- Directed by: Satyen Bose
- Written by: Sharad Joshi (story); Govind Moonis (screenplay & dialogues);
- Produced by: Tarachand Barjatya
- Cinematography: Anil Mitra
- Edited by: Mukhtar Ahmed
- Music by: Raam Laxman
- Release date: 1979;
- Running time: 138 min
- Country: India
- Language: Hindi

= Saanch Ko Aanch Nahin =

Saanch Ko Aanch Nahin (alternative: Truth Needs No Support) is a 1979 Bollywood drama film directed by Satyen Bose. This film was inspired by the story Panch Parmeshwar, written by the famous writer Premchand. The film was produced by Tarachand Barjatya. The film stars Arun Govil, Om Shivpuri and Urmila Bhatt, and also marked the debut of actress Madhu Kapoor.

==Plot==
Manoharlal Agarwal (played by Om Shivpuri) and Satyaprakash Agarwal (played by Arvind Deshpande) are wealthy businessmen and close friends. Manoharlal enters into a dispute with Hariram and to solve this he asks his friend Satyaprakash to be the sole arbitrator. To bond their friendship more, Manoharlal proposes to wed his daughter Nirmala (played by Madhu Kapoor) with Satyaprakash's son Ajay (played by Arun Govil). He also proposes this in order to get favour from Satyaprakash in his case.

Given the acceptances from both the families, Nirmala and Ajay keep meeting each other and soon fall in love. They are also engaged. But as the events in the case turn out, Satyaprakash gives his decision in favour of Hariram. This agitates Manoharlal and in vengeance he decides to break off the wedding. With his power of money he also gets himself appointed as a sole arbitrator in one of the cases involving Satyaprakash. He then decides to rule against Satyaprakash and ruin him financially. Nirmala is also made to marry another man, Murli. But just before the wedding, she decides to elope with Ajay. Seeing that her daughter has departed, Nirmala's mother goes in shock and falls critically ill. Hence Ajay brings back Nirmala so that her mother can feel better.

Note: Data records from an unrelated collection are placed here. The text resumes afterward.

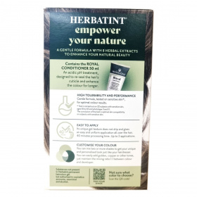 A Herbatint permanent haircolour gel egy gél állagú, csepegésmentes hajfesték, amely egyenletes felvitelt biztosít. A csomag tartalmaz egy 60 ml-es hajfestéket, egy 60 ml-es előhívót, egy 50 ml-es Royal Conditioner kondicionálót és egy pár kesztyűt. A Royal Conditioner savas pH-jú kezelés, amely segít a haj kutikulájának visszazárásában és a szín tartósságának növelésében. A feldolgozási idő 40 perc, a termék akár két alkalommal is felhasználható.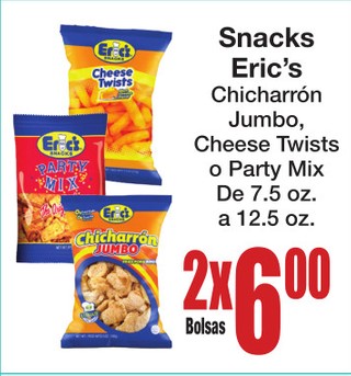 Snacks Eric's Chicharron Jumbo Cheese Twists o Party Mix De 7.5 oz.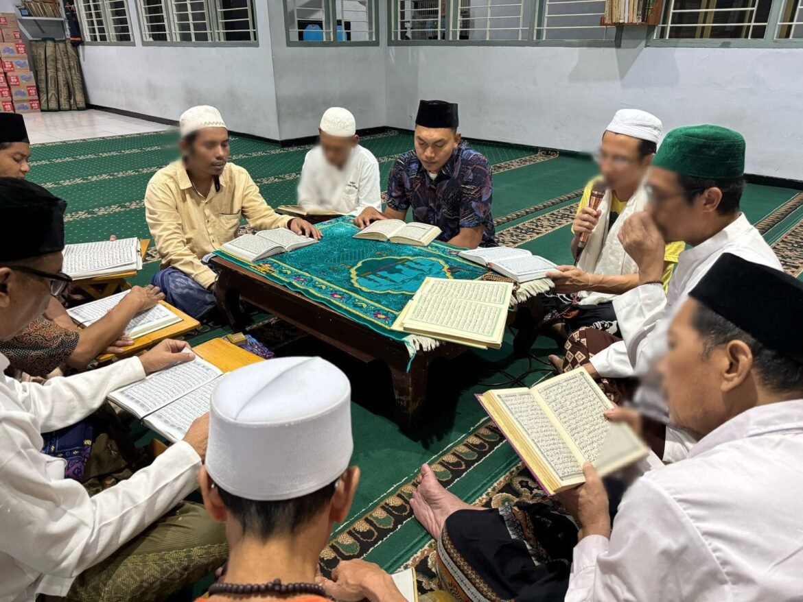 Keterangan foto : Para narapidana warga Binaan Pemasyarakatan (WBP) Rumah Tahanan (Rutan) Kelas II B Gresik tadarus khataman Alquran di Masjid At – Taubah. (Lim/Gus/Red)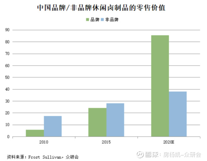 据Frost Sullivan预测,2020年我国休闲食品行业市场规模将达到12,984亿元,休闲卤制品的市场规模在2010-2015年间的符合增长率为17.6%,2020年将以18.8%的复合增长率达到1,235亿元,但休闲卤制品在整个休闲食品市场中占比仅有9.5%,且细分行业内部集中度低,三大龙头企业占比不到16%,随着各省逐步加强食品小作坊卫生监管力度,企业未来将有可能依托品牌化效应逐步增加市场占有率。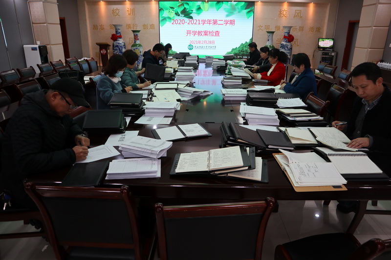 2021年2月28日上午8:00,本学期第一次教研组长会议暨本学期教案检查工作会在我校崇是楼五层小会议室召开,高丽文副校长、教务处张元芳主任、张锦川副主任、教研室董翼主任及全体教研组长参加了本次会议。

In the case, Manoharlal sees how Satyaprakash is really innocent. Hence, with all the truth in front of him, he is unable to give a false verdict just for the sake of his vengeance. He thus realises in what situation Satyaprakash had been when he ruled and realises how the truth needs no support and always wins. They both patch up their animosity and the two lovers, Nirmala and Ajay, also get married.

==Cast==
- Arun Govil as Ajay
- Madhu Kapoor as Nirmala
- Om Shivpuri as Manoharlal Agarwal
- Urmila Bhatt as Mrs. Sharda M. Agarwal (Nirmala's mother)
- Arvind Deshpande as Satyaprakash Agarwal
- Sunder
- Gajanan Jagirdar as Hariram
- Birbal as Bahadur (Chauffeur)
- Om Puri
- C.S. Dubey as Ganeshi (Murli's father)
- Javed Khan as Kailash (Ajay's friend)
- Ram Mohan as Manikchand
- Madhu Shah as Mrs. Pratap M. AgarRwal

==Music==
The songs of the film are composed by the musical duo Raam Laxman on lyrics penned by Kulwant Jani and Ravindra Rawal.

| No. | Title | Lyrics | Singer(s) | Length |
|---|---|---|---|---|
| 1. | "Hari Hari Mehndi Ki Pattiyan" |  | Shailender Singh, Usha Mangeshkar | 03:38 |
| 2. | "I Love You (I)" | Kulwant Jani | Shailender Singh, Usha Mangeshkar | 03:37 |
| 3. | "I Love You (II)" | Kulwant Jani | Shailender Singh, Usha Mangeshkar | 04:32 |
| 4. | "Aankhon Ankhon Mein Dil Gaya Apna" |  | Shailender Singh | 03:32 |
| 5. | "Mere Bas Mein" |  | Shailender Singh | 04:10 |
| 6. | "Aaj Meri Didi Ki Sagai" | Ravindra Rawal | Usha Mangeshkar | 05:11 |

==Reception==
The film was a modest success. Film World wrote "Saanch Ko Aanch Nahin is no patch on the earlier hit pictures of Rajshri, like Dulhan Wahi...".
Madhu has said of her appearance in the film and several others in the 1980s: "I made mistakes and signed some wrong movies" and cited it as to why her career never took off.